2.2.1. Selection of low-carbon technologies
The selection of low-carbon options for the Framework implementation relies on four principles:
1. The cases cover only a subset of technologies. The project does not aim to build comprehensive sectoral roadmaps but rather to analyse how to improve the viability of critical technologies to realise deep emissions reductions through policy and financing solutions. Selecting a few options does not imply that they constitute the only solutions for decarbonisation. A wide range of options will be necessary to decarbonise these sectors in a holistic way, but only a subset will be covered by the implementation of the Framework.
2. The cases should focus on options which directly impact the manufacturing process, have a significant emission reduction potential and be consistent with South Africa’s strategy to reach net-zero emissions. The cases can include transition technologies that meet all these criteria.
3. The technologies should be technically implementable in the short to medium term (i.e., within 10 years). Thus, only technologies with a Technology Readiness Level (TRL) of at least 6-7, and/or with examples of industrial deployment at the international level, are considered. This can also help ensure that South Africa builds on the global trends in industry decarbonisation.
4. The cases should benefit from the policy and financing solutions that the OECD Framework will propose. Therefore, technologies that are already technically and economically viable and widely implemented are less relevant in the context of this project. On the contrary, disruptive technologies that are technically viable but struggle to reach economic viability corresponds well to the scope of the Framework.

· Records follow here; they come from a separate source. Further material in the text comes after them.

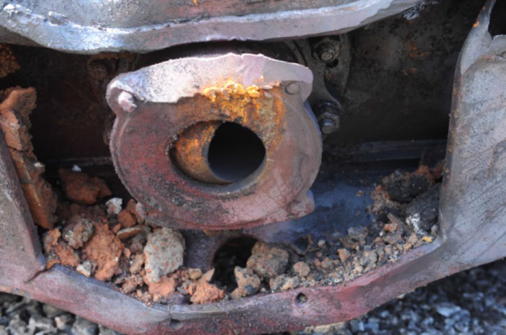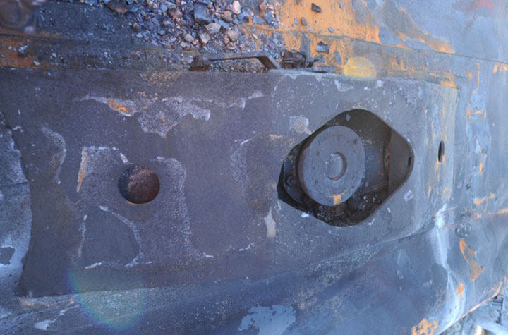 | Extent of fire damage | The car was oxidized with red discolouration in the area around the puncture in the B end. |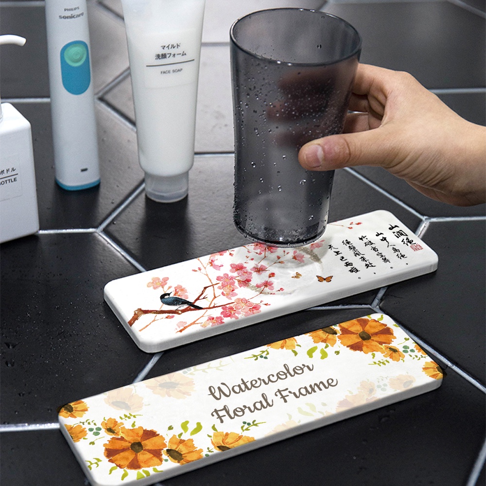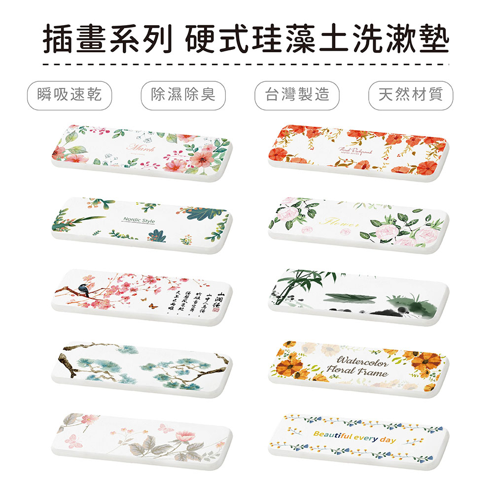 自創插畫系列 硬式珪藻土洗漱墊 吸水杯墊 牙刷架 SGS檢驗不含石綿 多種款式任選【5ip8】FM0340三月春花|紅花環繞|水墨風情|古風樹木|雛菊花圈|綠葉風情|粉紅玫瑰|詩情畫意|清新花卉|黃藍小花Placemats & Coasters5IP8居家生活館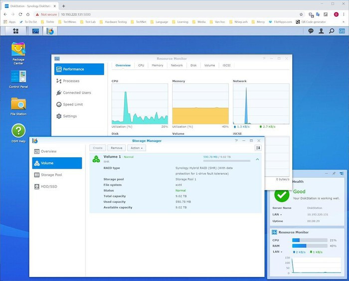 Để kiểm thử hiệu năng mẫu Red Pro 10TB, người viết đã thiết lập một hệ thống lưu trữ đơn giản với Synology DS218J và dùng chia sẻ dữ liệu với máy tính cá nhân trong cùng hệ mạng ở cấu hình RAID 0 lẫn SHR chạy ở chế độ dự phòng 1.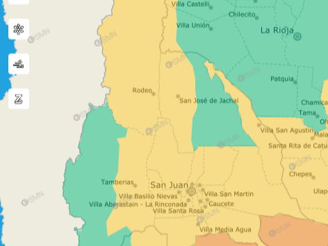En el caso de San Juan, se advierte por viento Zonda, especialmente en zonas cordilleranas y precordilleranas, con velocidades que oscilarán entre 50 y 70 km/h, y ráfagas que en los niveles más altos podrían superar los 120 km/h.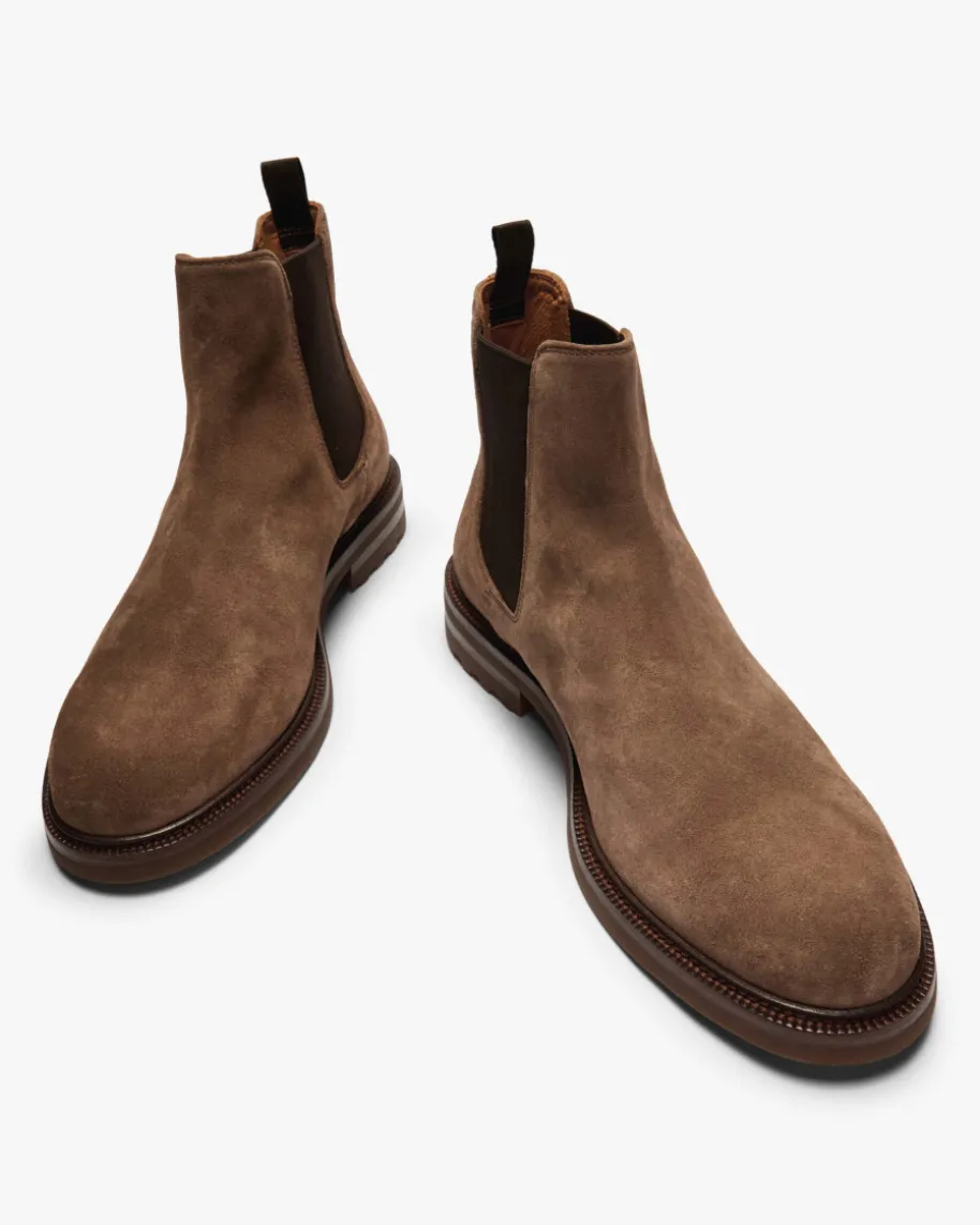 Aston Flexi 004 Boots für Herren von Officine Creative in Hellbraun undDunkelbraun. Ein stilvoller Klassiker Made in Italy – Das Modell präsentiertsich dank der hochwertigen Veloursleder-Aufmachung in edler Optik, während dieGummisohle und charakteristischen Stretch-Einsätze einen hohen Komfort bieten.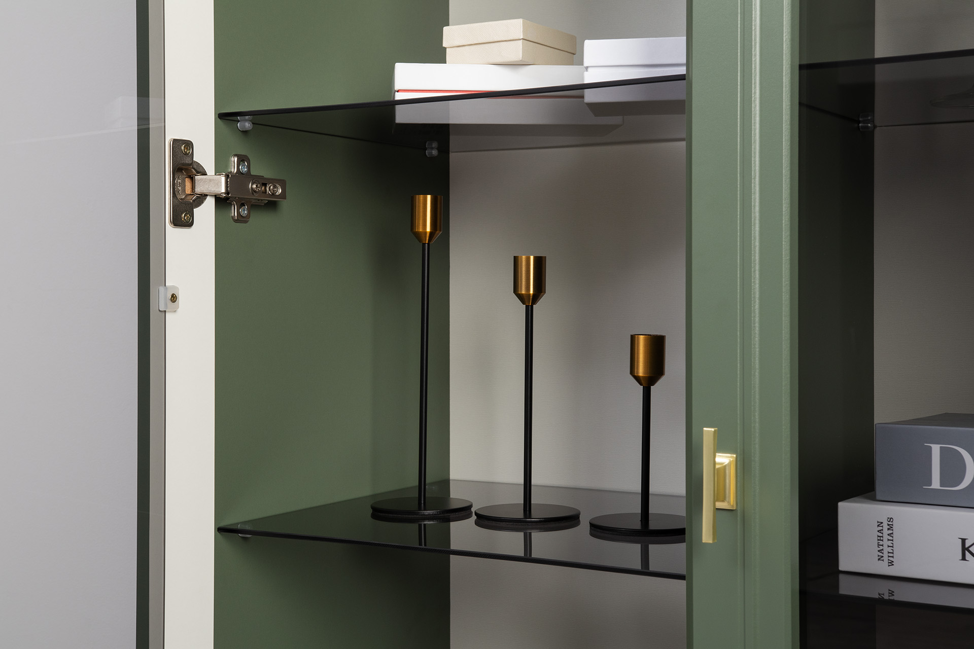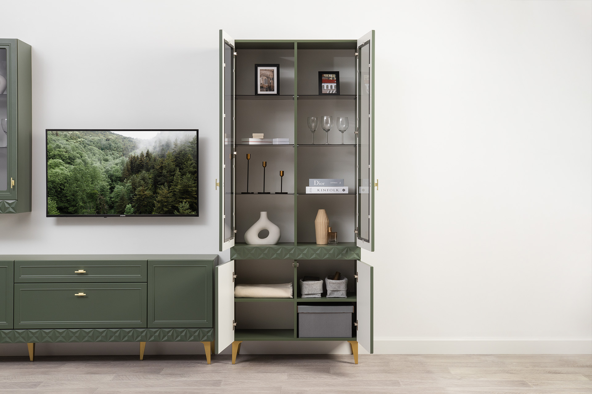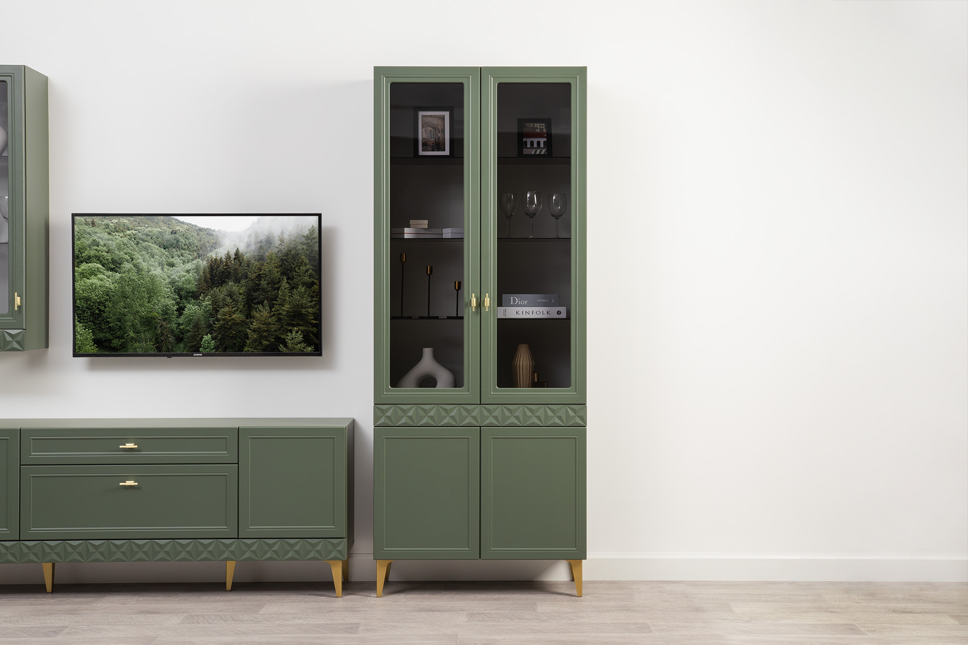 Шкаф-витрина Марион 16.397.02 дымчатый зеленый K521, олива шагрень AG 1050 ПВХ

TAC members suggested focusing on the steps of the steel value chain that generate most emissions, i.e., ironmaking and steelmaking, rather than downstream processes, such as hot and cold rolling. Furthermore, they proposed providing economic assessments that could apply to both existing and new assets. Given South Africa’s potential to produce renewable hydrogen at a globally competitive cost and the government’s recognition of this technology’s potential to decarbonise several hard-to-abate sectors, TAC members proposed prioritising options that could integrate hydrogen.
Based on these insights, the PSC selected three economic assessments for the Framework implementation:
Case 1 (hereinafter BF-(CCU)-BOF): Revamping of an existing blast furnace with carbon capture and use to produce methanol.

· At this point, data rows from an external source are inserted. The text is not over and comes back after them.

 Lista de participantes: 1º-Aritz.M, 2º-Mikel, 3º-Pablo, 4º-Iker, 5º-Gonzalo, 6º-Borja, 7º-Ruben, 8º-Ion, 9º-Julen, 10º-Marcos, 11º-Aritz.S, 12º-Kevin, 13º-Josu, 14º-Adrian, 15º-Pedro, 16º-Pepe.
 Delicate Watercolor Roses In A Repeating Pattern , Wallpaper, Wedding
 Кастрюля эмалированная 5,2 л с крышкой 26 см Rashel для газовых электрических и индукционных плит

Case 2 (hereinafter H2-DRI-EAF): renewable hydrogen-based Direct Reduced Iron, coupled with an electric arc furnace.
Case 3 (hereinafter S-B EAF): improvement of scrap-based electric arc furnace with (i) scrap preheating, (ii) ultra-high-power transformers (leading to higher productivity and energy savings) and (iii) biomass use to replace coal, considering the use of invasive alien plants.3
In the following sections, the results for BF-(CCU)-EAF and H2-DRI-EAF are presented together, as both aim to decarbonise primary steel production, i.e., steel produced from iron ore. The results for S-B EAF, which aim to reduce emissions from secondary steel production, i.e., steel produced from scrap, are presented separately.

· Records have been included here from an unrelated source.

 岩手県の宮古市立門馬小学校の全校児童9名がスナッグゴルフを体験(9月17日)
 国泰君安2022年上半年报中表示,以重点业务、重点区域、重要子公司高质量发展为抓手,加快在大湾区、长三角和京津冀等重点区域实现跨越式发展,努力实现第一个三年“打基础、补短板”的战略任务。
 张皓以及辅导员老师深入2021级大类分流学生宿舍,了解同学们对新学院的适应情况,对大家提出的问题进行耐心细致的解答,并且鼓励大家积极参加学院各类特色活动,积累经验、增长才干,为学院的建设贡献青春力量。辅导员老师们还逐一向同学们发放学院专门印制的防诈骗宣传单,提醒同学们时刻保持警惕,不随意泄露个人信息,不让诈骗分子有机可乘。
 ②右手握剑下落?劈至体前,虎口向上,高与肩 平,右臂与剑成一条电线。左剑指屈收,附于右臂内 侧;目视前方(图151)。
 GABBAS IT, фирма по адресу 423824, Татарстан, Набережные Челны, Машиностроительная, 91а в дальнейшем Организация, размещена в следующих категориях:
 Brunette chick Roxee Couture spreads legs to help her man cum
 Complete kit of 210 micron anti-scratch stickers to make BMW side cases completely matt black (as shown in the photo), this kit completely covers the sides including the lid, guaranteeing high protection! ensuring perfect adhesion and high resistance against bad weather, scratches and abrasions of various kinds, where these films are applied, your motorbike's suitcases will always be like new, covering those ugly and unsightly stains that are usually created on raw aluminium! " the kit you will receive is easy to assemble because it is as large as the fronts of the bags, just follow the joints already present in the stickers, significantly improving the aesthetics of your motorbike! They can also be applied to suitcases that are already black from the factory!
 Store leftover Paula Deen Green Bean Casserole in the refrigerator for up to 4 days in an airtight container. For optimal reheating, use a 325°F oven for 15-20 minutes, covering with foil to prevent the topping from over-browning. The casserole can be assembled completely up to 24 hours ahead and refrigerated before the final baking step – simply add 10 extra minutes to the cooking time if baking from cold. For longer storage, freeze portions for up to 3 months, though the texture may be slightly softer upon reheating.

If renewable hydrogen has the potential to bring the direct emissions of ironmaking to near zero in H2-DRI-EAF, carbon capture in integrated steel plants could effectively decarbonise only a part of their operations (see Figure 2.5 and Figure 2.6). Even though they occur out of the boundaries of steel plants, it is also important to consider indirect emissions across the value chain when implementing projects.
Carbon capture rates could reach 95% as per industry claims (Global CCS Institute, 2024[26]), but most global carbon capture projects have reached a maximum rate of 80% (Transition Asia, 2024[27]). Moreover, even though most of the CO2 is generated in the BF, there are many emissions source points in an integrated steel plant (such as the sinter plant, the coke ovens, the BOF or the internal power plant where flue gasses are generally directed for combustion). Therefore, the carbon capture can be seen as a transition technology to reduce the emissions of existing polluting plants. Finally, for BF-(CCU)-BOF, the carbon captured is not stored but converted into methanol, which would eventually be combusted and released into the atmosphere, although the process prevents the production of methanol from fossil fuel sources.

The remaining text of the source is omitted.